Formula editing in the new Google Sheets

In the new Google Sheets, we’ve made it easier to build complex formulas in your spreadsheets. For example, you’ll now see syntax highlighting, which shows you the argument in your function that you are working on, and you’ll get more details on how to fix errors in your formula by hovering over them.

Create a new formula

  1. Type an equal sign (=) in a cell and type in the function you wish to use. The new Sheets also has function autocomplete, offering suggestions for functions as you type.
  2. A function help box will be visible throughout the editing process to provide you with a definition of the function and its syntax, as well as an example for reference.

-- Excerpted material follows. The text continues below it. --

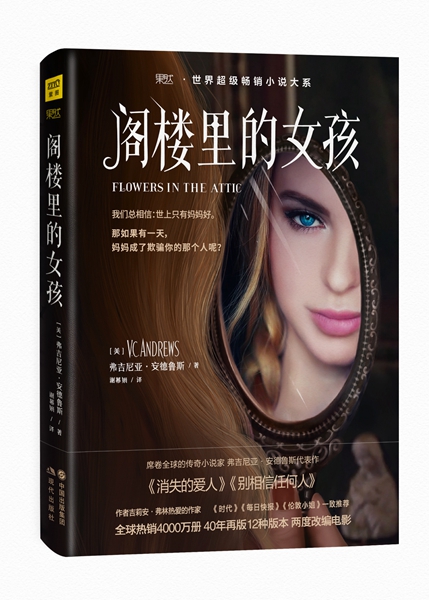 2016年11月,20世紀恐怖羅曼史小說家、美國歷史上最暢銷的作家之一弗吉尼亞?安德魯斯的代表作《閣樓里的女孩》 (Flowers in the Attic)簡體中文版首次出版上市,本書係北京紫圖圖書有限公司出品,現代出版社出版。它是《別相信任何人》《消失的愛人》作者吉莉安?弗林熱愛的黑暗經典,據真實故事改編,一部徹底顛覆你認知的黑暗經典!全球熱銷4000萬冊,已翻新12種版本,兩度改編電影。

If you need more information, click the “Learn more” link at the bottom of the help box to open a full article.

Function help box shortcuts

  • F1 will minimize and maximize the help box.
  • Shift + F1 will hide the help box.
  • F1 or Shift + F1 will make the help box appear if it is currently hidden.

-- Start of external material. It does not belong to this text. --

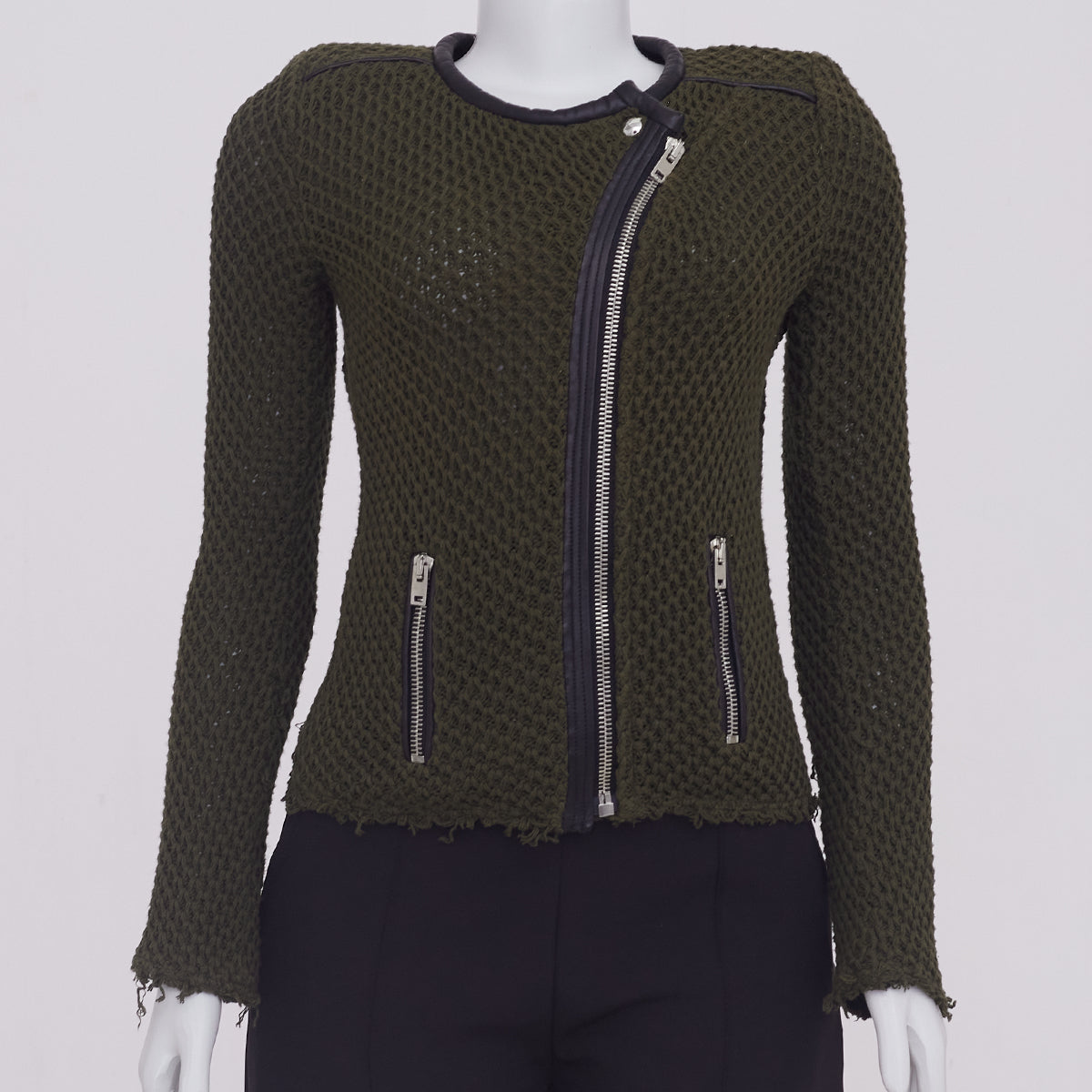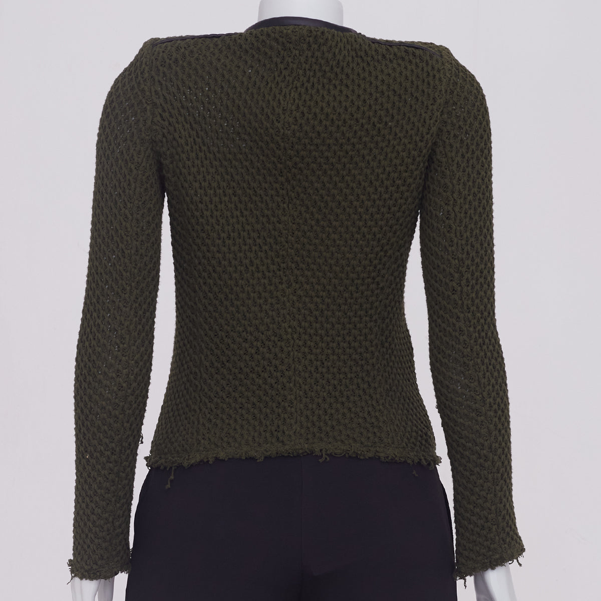 Detalhes: Modelo confeccionado em tricô em linha verde militar. Conta com acabamento em couro liso preto, detalhe de desfiados na barra e mangas, mangas compridas ferragens prateadas e dois bolsos frontais. Fecho em zíper.

Simple ways to select and edit ranges

Range-selection mode

  • When editing a formula, the range-selection signal (a grey bracket) will appear next to your cursor where you’re likely to need a range in the formula. When you see the signal, you can move the keyboard arrows around your sheet to select a range.
  • Toggle this mode on and off using the keyboard shortcuts F2 or Ctrl + E. If range-selection mode is turned off, using the arrow keys will move your cursor inside the input box instead of selecting a range.
  • Clicking within the sheet with your mouse remains an option for selecting a range at any point when editing a formula.

Range replacement improvements

  • When you have the text of a range highlighted in your formula, use F2 or Ctrl + E to enter range-selection mode and easily make adjustments to the range.
  • If you press Shift + F2 or Shift + Ctrl + E while editing the text of a range, you can easily make adjustments to all occurrences of that range in the formula.
You can also select ranges for your formula that are non-adjacent. To select multiple cells, click and hold Ctrl on your keyboard (Cmd on a Mac) as you select the cells you want to include in the formula.